A ampliação do negócio também se explica diante da necessidade de não depender apenas do apelo dos materiais complicados. Dentro dos princípios da sustentabilidade, o desafio das indústrias em geral é projetar produtos mais facilmente recicláveis – e não propriamente manter a dificuldade para depois tentar resolvê-la, o que de todo modo tem ocorrido numa escala bem inferior à quantidade total descartada sem reaproveitamento. A questão está prevista na lei de resíduos como uma das responsabilidades das empresas. Felipe reconhece: “Sabemos que não resolveremos o problema do lixo urbano fazendo estojos e bolsas a partir de embalagens recicladas, mas plantamos uma semente demonstrando que as coisas que descartamos podem ser novamente úteis e ter um melhor destino”.
O que faz: Oferece soluções para resíduos de difícil reciclabilidade, como esponjas multiúso, instrumentos de escrita e escovas de dente, mediante campanhas de coleta e tecnologias de reciclagem, reúso e upcycle.
Ficha – TerraCycle
Microempresa
Setor: Resíduos (logística reversa)
Faturamento 2015 (Brasil): R$ 1,5 milhão
Funcionários: 4
Fundação: 2009
Principais clientes: Faber-Castell, 3M, Colgate, Avon e Garnier.
Inovação para sustentabilidade: Os resíduos tratados pela TerraCycle possuem uma alta complexidade de plásticos em sua composição e também um grande acúmulo de sujeira.
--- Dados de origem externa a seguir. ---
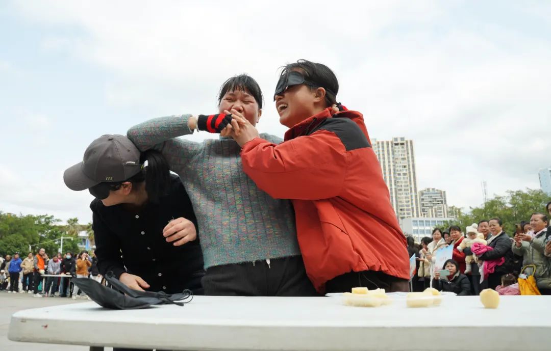 最讓觀眾拍掌叫好的比賽當(dāng)屬“蔗么甜”項目。比賽中,隊員們?nèi)艘唤M,兩名蒙著眼的隊員抬著另外一人,朝著擺放甘蔗的終點前進(jìn)。到達(dá)后,蒙眼的隊員要準(zhǔn)確地找到甘蔗并喂給同伴?,F(xiàn)場“意外”頻出,有跑錯道的,有喂不著甘蔗的......精彩的活動博得了觀眾的陣陣歡呼和掌聲。

A empresa é pioneira no Brasil e no mundo neste segmento e promove a logística reversa aliada ao protagonismo dos consumidores. Investe também na descoberta de novos processos de reciclagem sempre que um resíduo adicional é enviado à empresa.
Potencial de replicação e escalabilidade: A empresa tem crescido de 20% a 30% ao ano no mundo. A plataforma mundial conta com 60 milhões de pessoas cadastradas na base e, no Brasil, chega a 1 milhão.
Destaques de gestão: Possui um processo de gestão estruturado com parceiros especializados em coleta, armazenamento e reciclagem de materiais, de acordo com critérios de rastreabilidade, certificações e auditorias. Há compromisso com o desenvolvimento sustentável no contrato social e boas práticas de governança corporativa e relações com o consumidor.